**Task details**
Write out again, exactly as they appear, the lines from the start of the data below through the line with "3. Using a sterile"; no pictures.

==*==

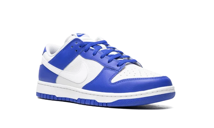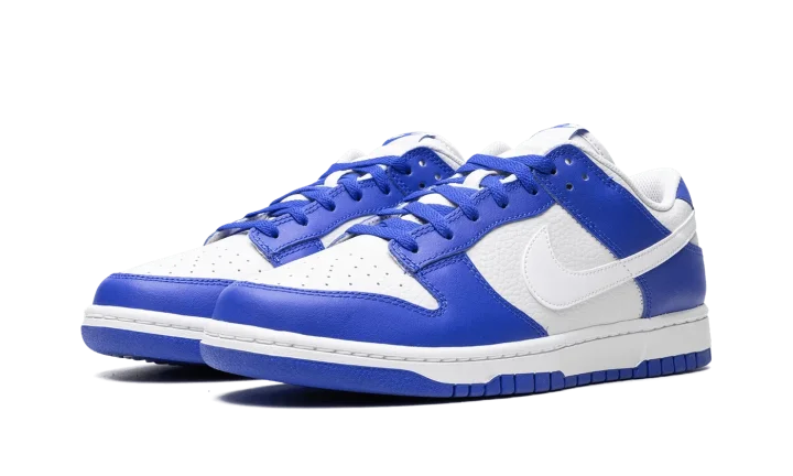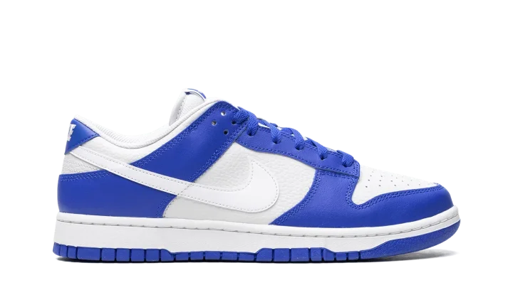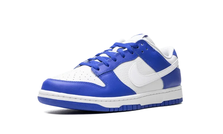 The Nike Dunk Low "Racer Blue/Photon Dust" is a colorway of the retro basketball shoe with a two-tone, blue-and-white color scheme. The Dunk Low in "Racer Blue/Photon Dust" features a white tumbled leather base with Racer Blue-colored leather overlays and Swoosh branding. White "Nike" detailing is embroidered on the heel and blue "Nike" and Swoosh logos are found on the tongue tag. Underfoot, the look is rounded into form with a white rubber midsole and blue rubber outsole. Release date: April 1, 2023
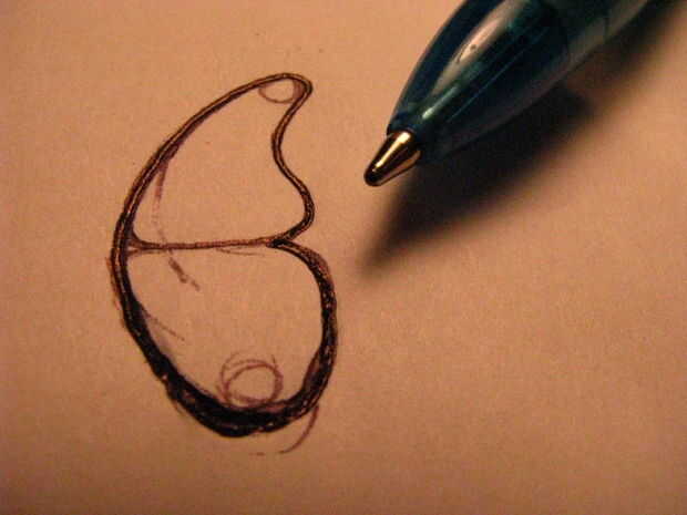 Utilice un bolígrafo para dibujar hacia fuera su mariposa. Este dibujo va a ser el tamaño exacto para el producto terminado.
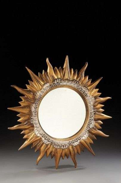 Important miroir circulaire à encadrement en bois sculpté doré et argenté figurant un soleil. Diam: 100 cm
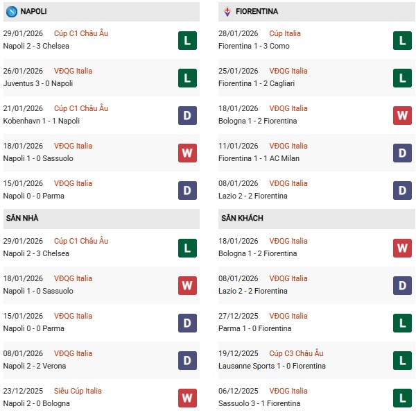 Thống kê phong độ Napoli vs Fiorentina:
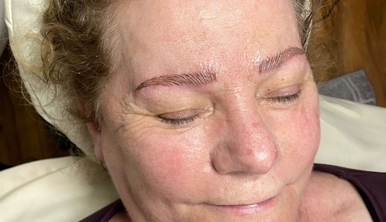 3. Using a sterile tool, the technician carefully etches hair-like strokes into the skin, applying pigment to achieve the desired color and density.
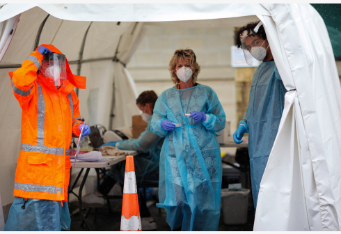 2月15日,医务人员在新西兰奥克兰一处临时检测点工作。 新西兰总理杰辛达·阿德恩14日宣布,新西兰最...
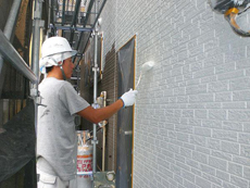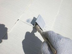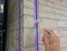 | コーキング工事の様子です。既存シール撤去後、プライマーを塗ります。 | コーキング工事の様子です。新しいコーキング材を充填していきます。 | コーキング工事の様子です。コーキング作業が完了しました! |
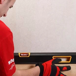 Cel mai bine este să începeți de jos, cu rostul în sus, sprijinind primul rând de plăci pe suprafață. În cazul în care nu există un suport uniform și orizontal pentru dale, montați o șapă de nivelare de referință pe perete, folosind o nivelă de zidar și o riglă pe o înălțime care să nu depășească înălțimea unui singur rând de dale deasupra podelei sau solului.
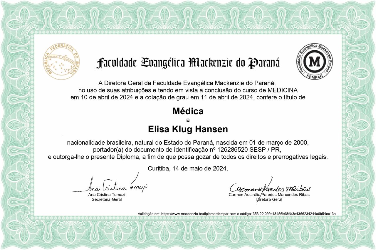 Onde fica o consultório de Elisa Klug Hansen?Elisa Klug Hansen atende em:
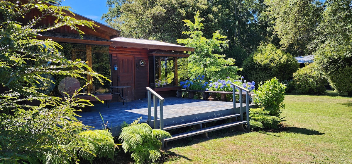 Beautiful Cabin in the Forest, located in the Lefún area between Villarrica and Pucón. It offers a stunning view of Villarrica Volcano, surrounded by native forest and birds. Every day you can hear Loicas and Chucaos. Fully equipped so you can enjoy your stay, disconnect, and relax. A lovely stream runs through the property. We recommend taking nighttime photos of Villarrica Volcano next to the wood stove with the panoramic view our cabin offers. We are sure you will love it!
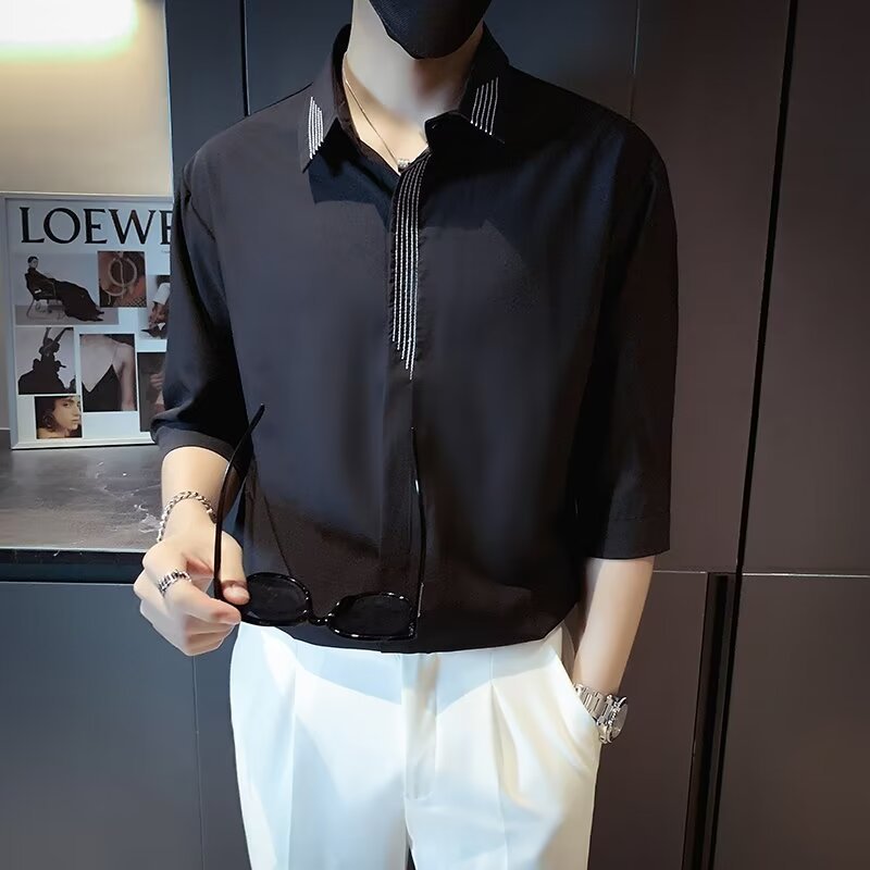 봄과 여름 디자인 센스 셔츠 남자의 짧은 소매 슬림 핏 한국 인치 셔츠 2023 새로운 패션 브랜드 꽃 셔츠스토어 가기
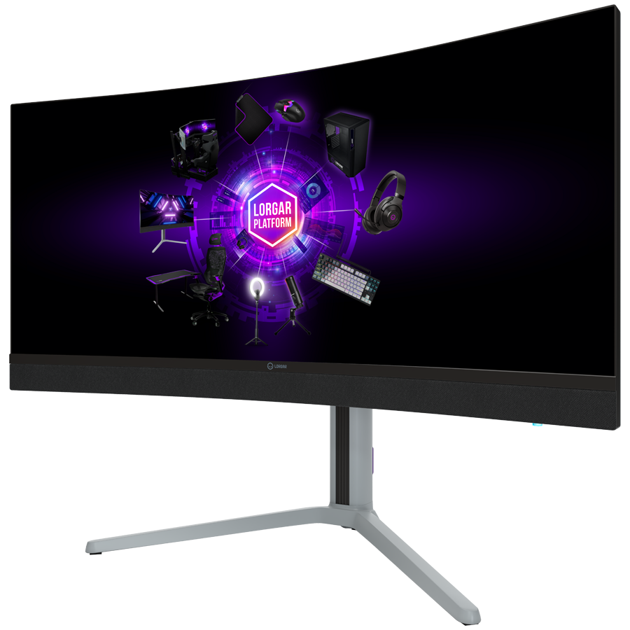 Monitor Gaming Curbat MiniLED VA Lorgar Pro 34MP1 34″ UWQHD (3440×1440), 180Hz, 1ms, AMD FreeSync™, NVIDIA G-Sync™ Compatible, HDR 1000, 1500R, Iluminare RGB, Boxe 2.1, USB Type-C, Hub USB, 2x HDMI, Display Port, Jack, Pivot, VESA, black/milky grey
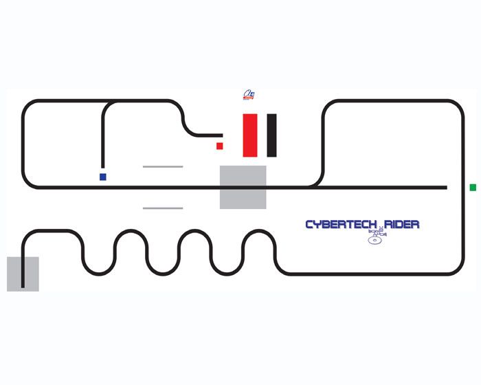 Piste imprimée sur bâche 120 x 300 cm avec thématique CYBERTECH RIDER pour concours Cybertech
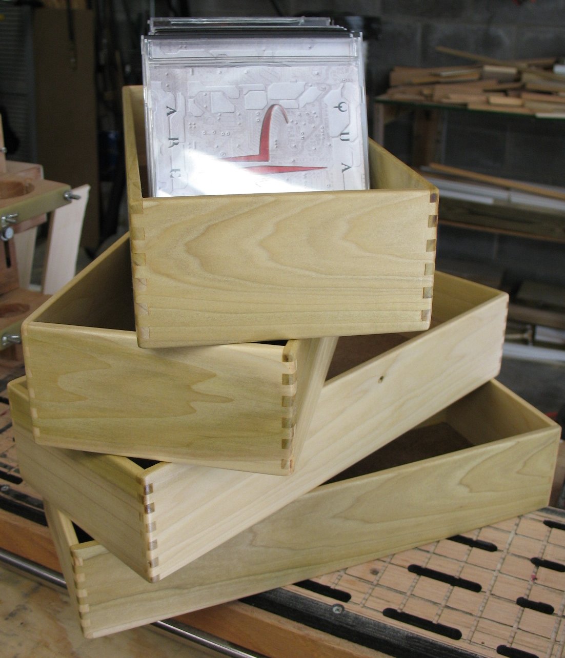 I made four more finger joint CD/DVD boxes. This time I took it a step further and let the CNC machine cut out the box pieces and also cut a
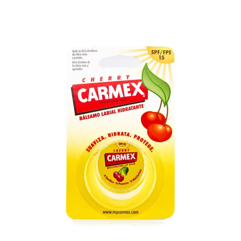 Carmex Bálsamo Labial Cherry spf15+ en tarro para reparar, nutrir, calmar y proteger los labios secos y agrietados dejándolos suaves e intensamente hidratados.
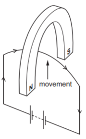 A wire is placed in a strong magnetic field. When a current is passed through the wire it moves upwards, as shown.
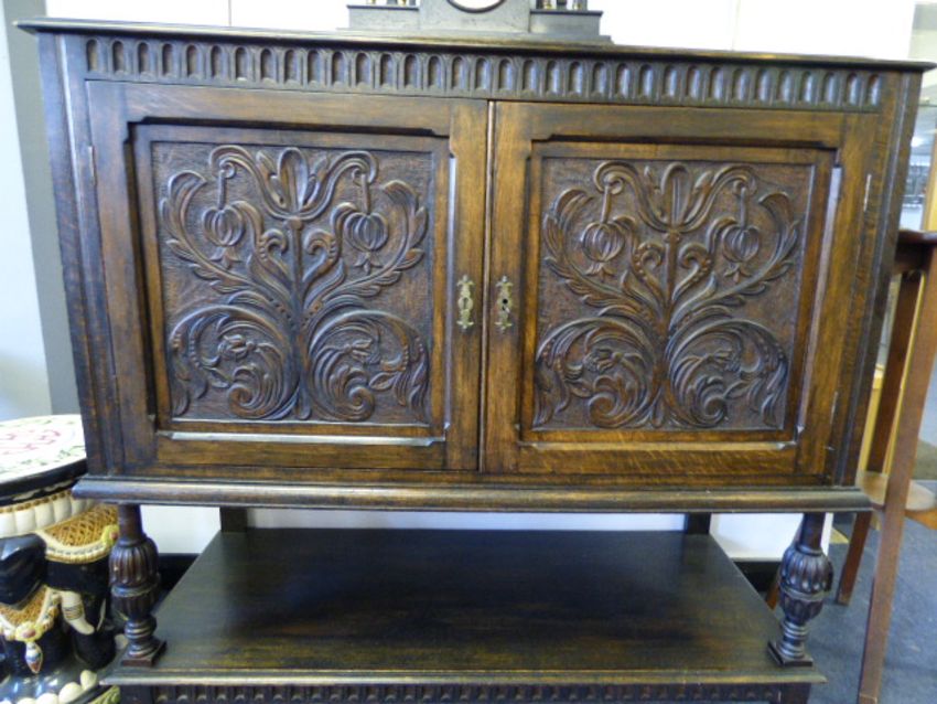 Oak Priory Style Buffet Sideboard with Carved Decoration

==*==

**Answer for the task**
 The Nike Dunk Low "Racer Blue/Photon Dust" is a colorway of the retro basketball shoe with a two-tone, blue-and-white color scheme. The Dunk Low in "Racer Blue/Photon Dust" features a white tumbled leather base with Racer Blue-colored leather overlays and Swoosh branding. White "Nike" detailing is embroidered on the heel and blue "Nike" and Swoosh logos are found on the tongue tag. Underfoot, the look is rounded into form with a white rubber midsole and blue rubber outsole. Release date: April 1, 2023
 Utilice un bolígrafo para dibujar hacia fuera su mariposa. Este dibujo va a ser el tamaño exacto para el producto terminado.
 Important miroir circulaire à encadrement en bois sculpté doré et argenté figurant un soleil. Diam: 100 cm
 Thống kê phong độ Napoli vs Fiorentina:
 3. Using a sterile tool, the technician carefully etches hair-like strokes into the skin, applying pigment to achieve the desired color and density.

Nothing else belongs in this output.